A scandal of dignified proportions is looming in our northern neighbors these days, which sooner or later could also affect Austria. The prime minister of Mecklenburg-Western Pomerania, Manuela Schwesig from the SPD, is currently the center of attention. The lady belongs to the closest circle of Putin friends in the party, together with Lower Saxony’s Prime Minister Stephan Weil, former Schröder secretary and current SPD chairman Lars Klingbeil, Schröder’s ex-wife Doris, former Brandenburg Prime Minister Matthias Platzeck and Martin Schulz, the failed lead candidate of the 2017 election and several other senior Reds. In this context, the “Frankfurter Allgemeine” reported on a regular “Hanover-Moscow connection” and on “conspicuously high” donations to the SPD in Lower Saxony from the circle of friends of Russia.
The fact that this connection also has a side branch to Vienna would be just as unsurprising as any findings that some of the money came from Moscow via detours. “In order to remain credible, the party must now relentlessly disclose its various Kremlin connections,” the magazine “Focus” rightly demanded recently – and for all parties that have held government responsibility in Austria in recent decades, this step of transparency would be just as necessary, after all, the interdependence of state-related companies in particular with Russia is also right in this country impressive. “This is a general problem that has become apparent over the past five or six years – the close interlocking of politics and business. We no longer only have oligarchs from the East, we have long had small Austro-oligarchs as well,” said former OMV boss Gerhard Roiss in a “profil” interview before the start of the war.
But the affair surrounding Manuela Schwesig has a second, no less interesting aspect. Because in cooperation with two major environmental protection organizations, she had a “climate foundation” set up in 2021, which was to accompany the construction of the Nord Stream 2 pipeline from Russia ecologically – and at the same time help to circumvent US sanctions against this project. The controversial foundation was financed with 20 million euros, which the Russian state-owned company “Gazprom” transferred.
A German prime minister, equipped with Putin’s money, supported a project that even then more far-sighted observers described as “Russia’s weapon against Ukraine”.
Although she admits today that this would have been a mistake, none of the victims of Russian war crimes will come back to life as a result. Here, too, the following applies: while Germany is now at least beginning to illuminate and make public the web of interests between business, politics and Moscow surrounding the failed Nord Stream 2 project, Austria’s massive participation in it is being increased according to the motto “Go on , there is nothing to see here” discreetly disposed of.

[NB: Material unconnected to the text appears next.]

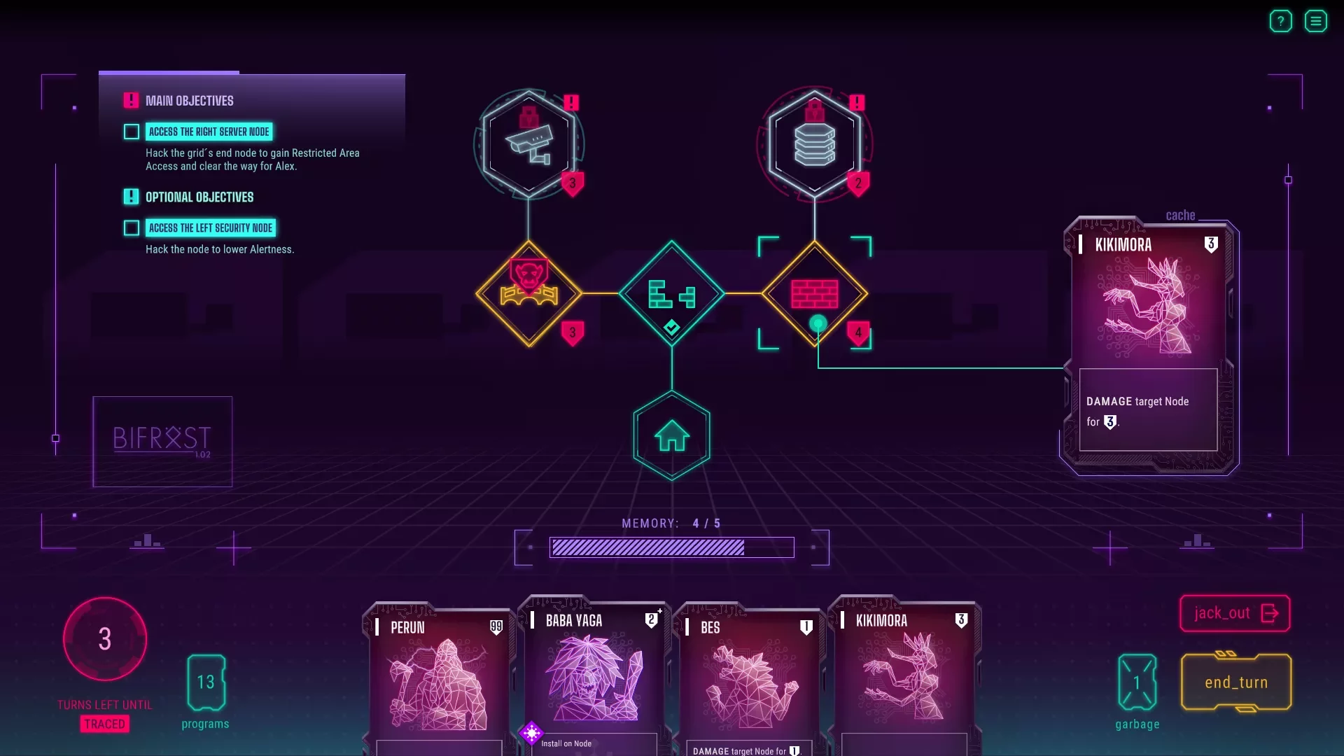 Jeśli hakowanie się nie powiedzie, a konflikt jest nieunikniony, gra natychmiast przechodzi w tryb walki, gdzie rozpoczyna się bitwa przy użyciu kart taktycznych. Za pomocą bojowej talii kart możesz znaleźć własny styl gry, ulepszać ulubione karty i łączyć potężne komba.

In this context, the question that needs to be addressed in all of Europe and the USA is to what extent the Putin regime has used Western environmental protection NGOs over the past 20 years to implement Russia’s geostrategic goals. This included and includes, above all, making the West more and more dependent on cheap energy from Russia. And for this it is necessary to discredit alternative sources of energy in the West, from nuclear power plants to “fracking”, and thus to prevent them politically.

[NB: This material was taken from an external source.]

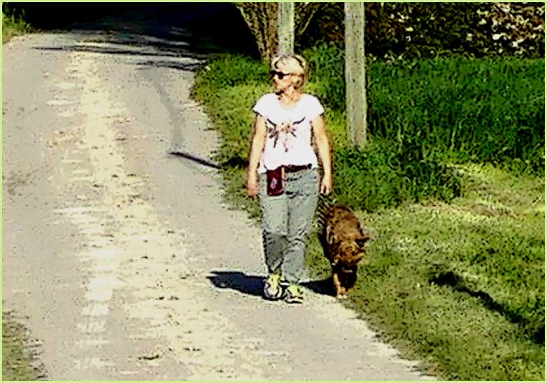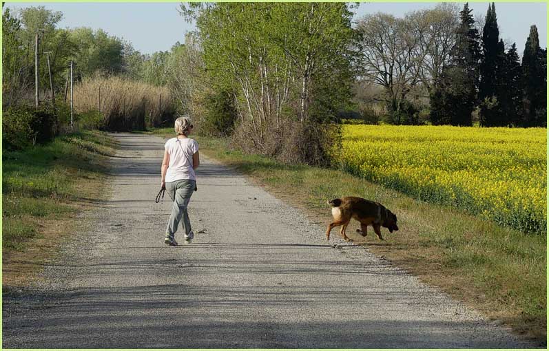 promeneuse, accompagnée d'un brave toutou. L'échange de quelques

It is precisely here that Moscow’s goals coincide one hundred percent with those of various ecological NGOs and their political arm, the Green Parties.
There are indications that Russia has discreetly financed such NGOs in the West far beyond the now uncovered “Climate Foundation” in Germany. The French think tank “Fondpol” had already claimed before the start of the war: “We found that Gazprom finances environmental NGOs in particular , who then even provide ministers in certain European countries – e.g. in Belgium – who then apparently made some sort of quid pro quo by defending nuclear phase-out.” The current Green Belgian energy minister, an outspoken opponent of nuclear power plants, was actually a partner in the law firm representing Gazprom in Brussels – a rather adventurous constellation.

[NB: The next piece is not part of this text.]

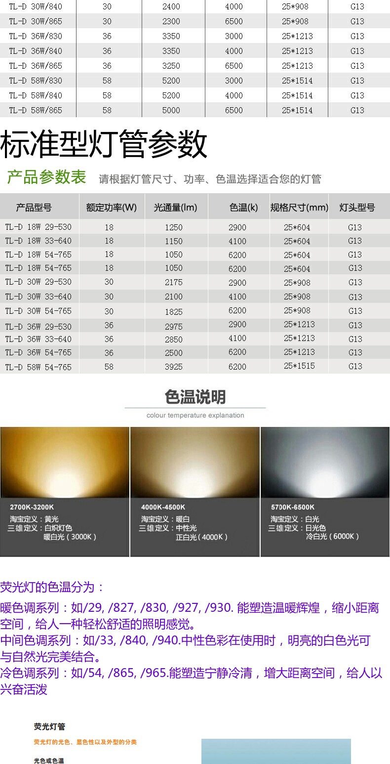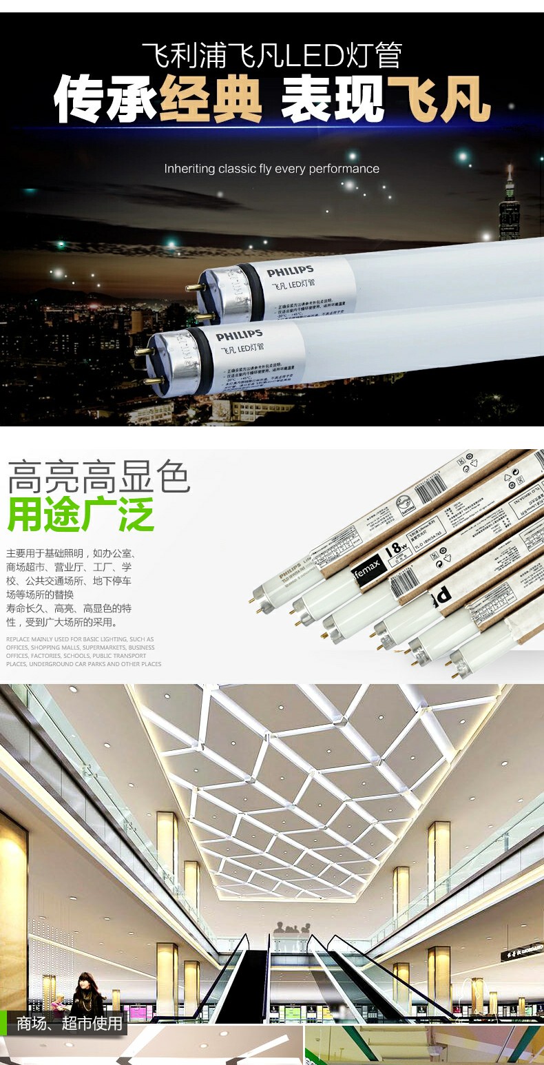 产品名称 : 飞利浦灯管18w 三基色灯管 T8日光灯管格栅灯 荧光灯管30w36wT8 865

As early as 2014, then-NATO Secretary General Anders Fogh Rasmussen claimed: “I have met allies who can report that Russia (. . .) has been actively collaborating with so-called non-governmental organizations – environmental organizations working against shale gas – to address European dependence on imported Russian gas.” (“Guardian,” June 19, 2014.)
In the USA, where a number of such cases of Russia financing so-called environmental NGOs have also become known, two Republican congressmen are now trying to shed light on these connections
The same applies here: Austria is not only not an island of the lucky ones, but not an island at all and is therefore very likely predestined to be the target of Russian desires due to its geographical location. Perhaps it wouldn’t be a bad idea to set up a kind of “truth commission” that would make Austria’s ties with Russia transparent at all levels.